The lines below starting at the line containing "Invoice for the" and ending at the line containing "門架前傾時(shí),軸距減" are to be repeated exactly, with both ends kept and nothing else added.

(Data shown)

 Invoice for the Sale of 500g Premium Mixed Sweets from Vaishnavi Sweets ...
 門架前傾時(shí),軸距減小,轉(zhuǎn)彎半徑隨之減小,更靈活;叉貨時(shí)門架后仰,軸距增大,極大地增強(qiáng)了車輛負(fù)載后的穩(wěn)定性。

(End Data shown)
(Data shown)

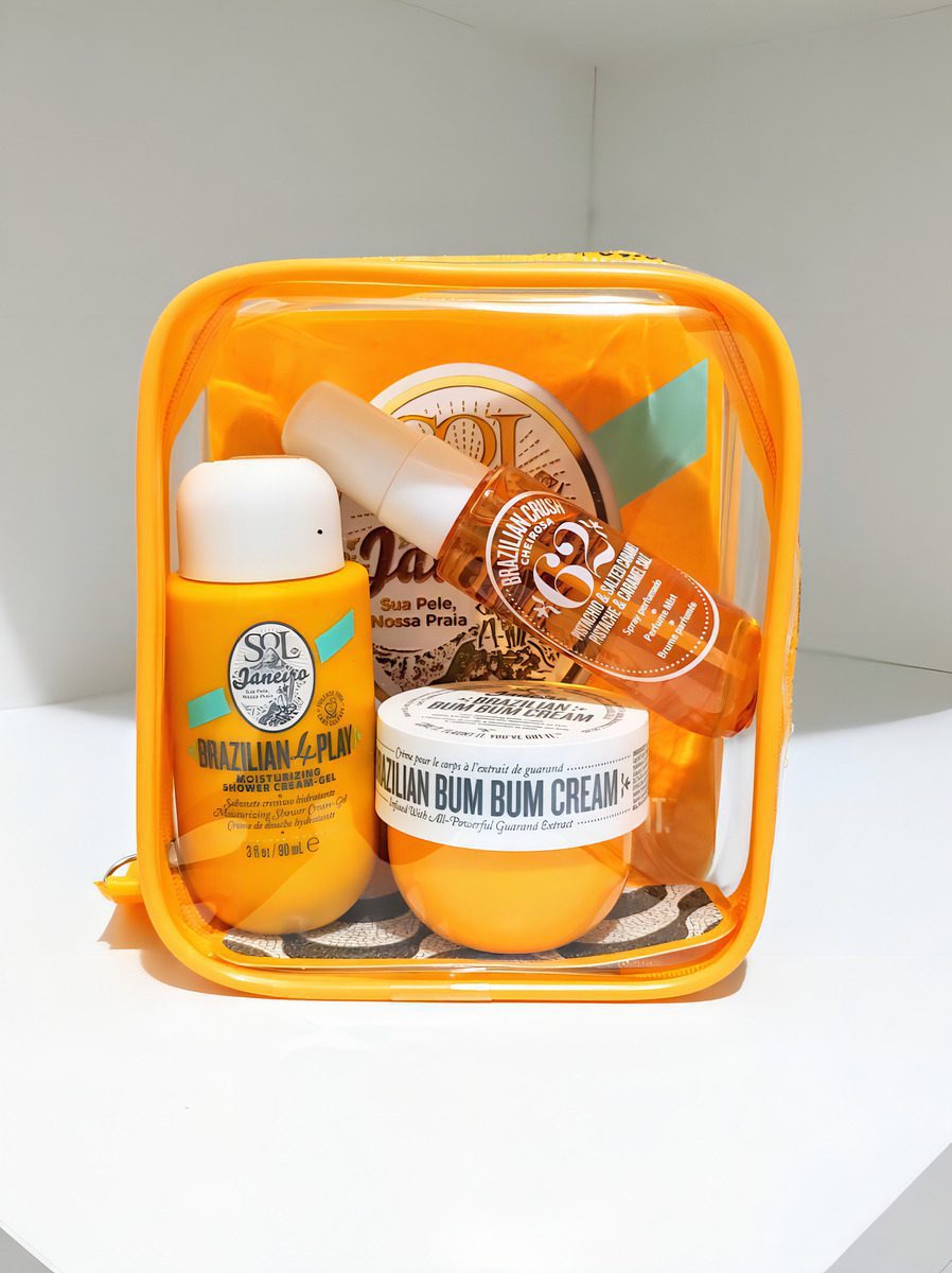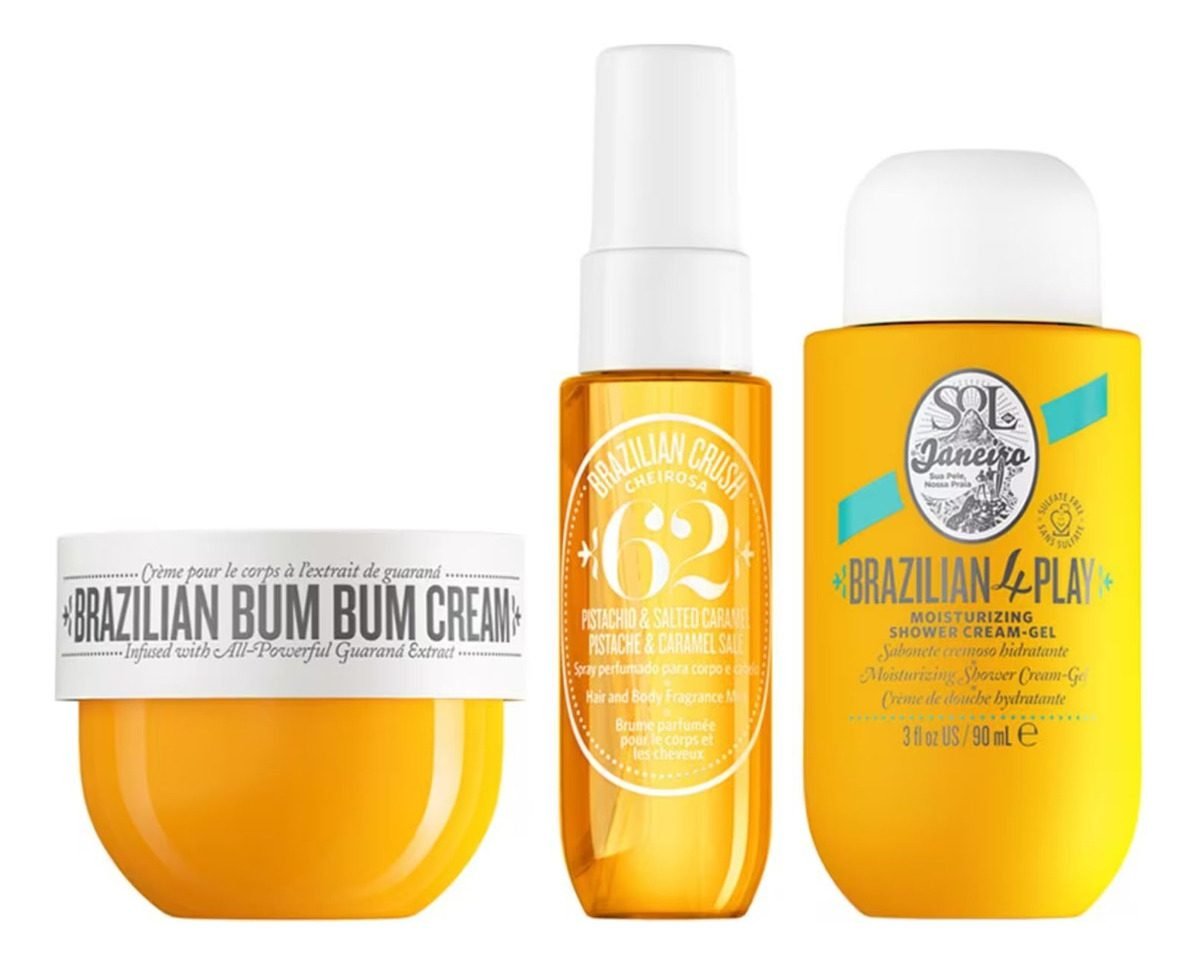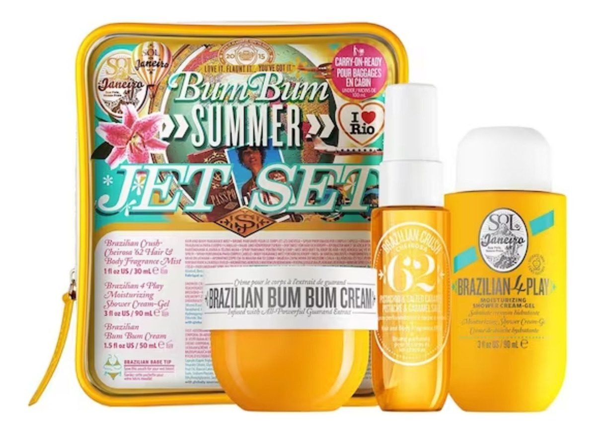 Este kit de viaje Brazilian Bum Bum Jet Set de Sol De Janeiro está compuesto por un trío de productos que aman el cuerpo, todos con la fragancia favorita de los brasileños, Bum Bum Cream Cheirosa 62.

(End Data shown)

> Task output
 Invoice for the Sale of 500g Premium Mixed Sweets from Vaishnavi Sweets ...
 門架前傾時(shí),軸距減小,轉(zhuǎn)彎半徑隨之減小,更靈活;叉貨時(shí)門架后仰,軸距增大,極大地增強(qiáng)了車輛負(fù)載后的穩(wěn)定性。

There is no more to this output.